▶ [Recorded information]
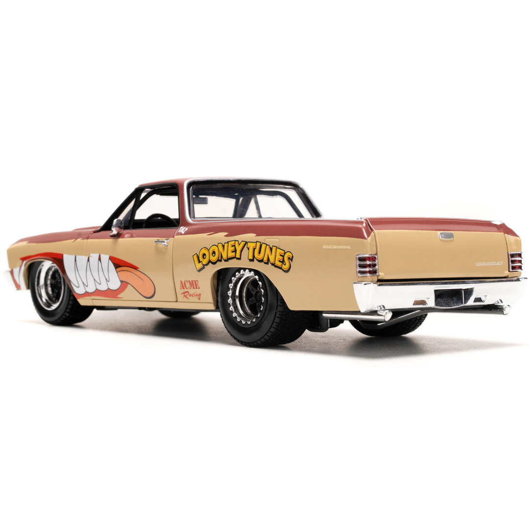 Brand new 1/24 scale diecast car model of 1967 Chevrolet El Camino Brown and Beige with Graphics and Tasmanian Devil (Taz) Diecast Figure "Looney Tunes" "Hollywood Rides" Series die cast model car by Jada.
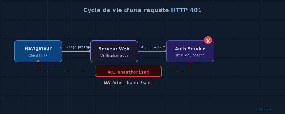 Le message varie selon le navigateur. Sur Chrome ou Edge, vous verrez généralement une icône de feuille blanche accompagnée d'un message générique basique. Sur Firefox, une boîte de dialogue d'authentification peut s'ouvrir. Sur Safari, la page reste blanche avec un texte sobre. Côté serveur, les variations incluent : 401 Unauthorized, HTTP Error 401.1 – Unauthorized: Logon Failed (IIS), 401 Authorization Required (Apache). Tous désignent le même problème : l'accès est bloqué faute d'authentification.
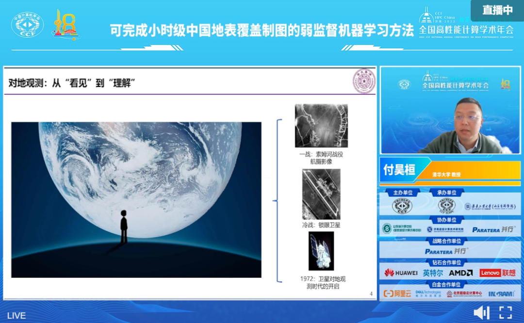 清華大學地球系統(tǒng)科學系長聘教授,國家超級計算無錫中心副主任付昊桓在主題講演中基于對新一代神威超級計算機的應用,討論了有關地表覆蓋制圖的一種高可擴展的弱監(jiān)督分類方法,無需額外的人工標注,即可完成大尺度的地表覆蓋任務。
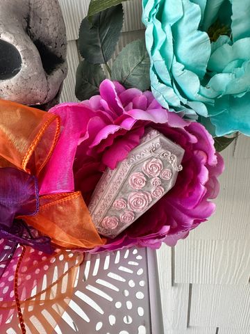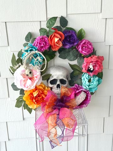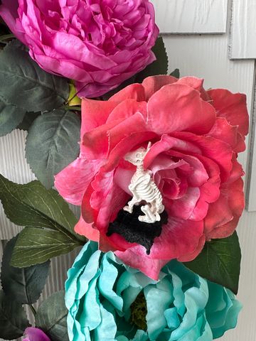 With a nod to Dia de los Mueurtos this wreath boasts brightly colored peonies, a lightweight skull, and skeletons of a gecko, small dog, and a rose-decorated coffin. All in light-hearted fun!!

▶ [Task instructions] With the pictures set aside, write out the whole listing exactly.

▶ [Finished exercise]
 Brand new 1/24 scale diecast car model of 1967 Chevrolet El Camino Brown and Beige with Graphics and Tasmanian Devil (Taz) Diecast Figure "Looney Tunes" "Hollywood Rides" Series die cast model car by Jada.
 Le message varie selon le navigateur. Sur Chrome ou Edge, vous verrez généralement une icône de feuille blanche accompagnée d'un message générique basique. Sur Firefox, une boîte de dialogue d'authentification peut s'ouvrir. Sur Safari, la page reste blanche avec un texte sobre. Côté serveur, les variations incluent : 401 Unauthorized, HTTP Error 401.1 – Unauthorized: Logon Failed (IIS), 401 Authorization Required (Apache). Tous désignent le même problème : l'accès est bloqué faute d'authentification.
 清華大學地球系統(tǒng)科學系長聘教授,國家超級計算無錫中心副主任付昊桓在主題講演中基于對新一代神威超級計算機的應用,討論了有關地表覆蓋制圖的一種高可擴展的弱監(jiān)督分類方法,無需額外的人工標注,即可完成大尺度的地表覆蓋任務。
 With a nod to Dia de los Mueurtos this wreath boasts brightly colored peonies, a lightweight skull, and skeletons of a gecko, small dog, and a rose-decorated coffin. All in light-hearted fun!!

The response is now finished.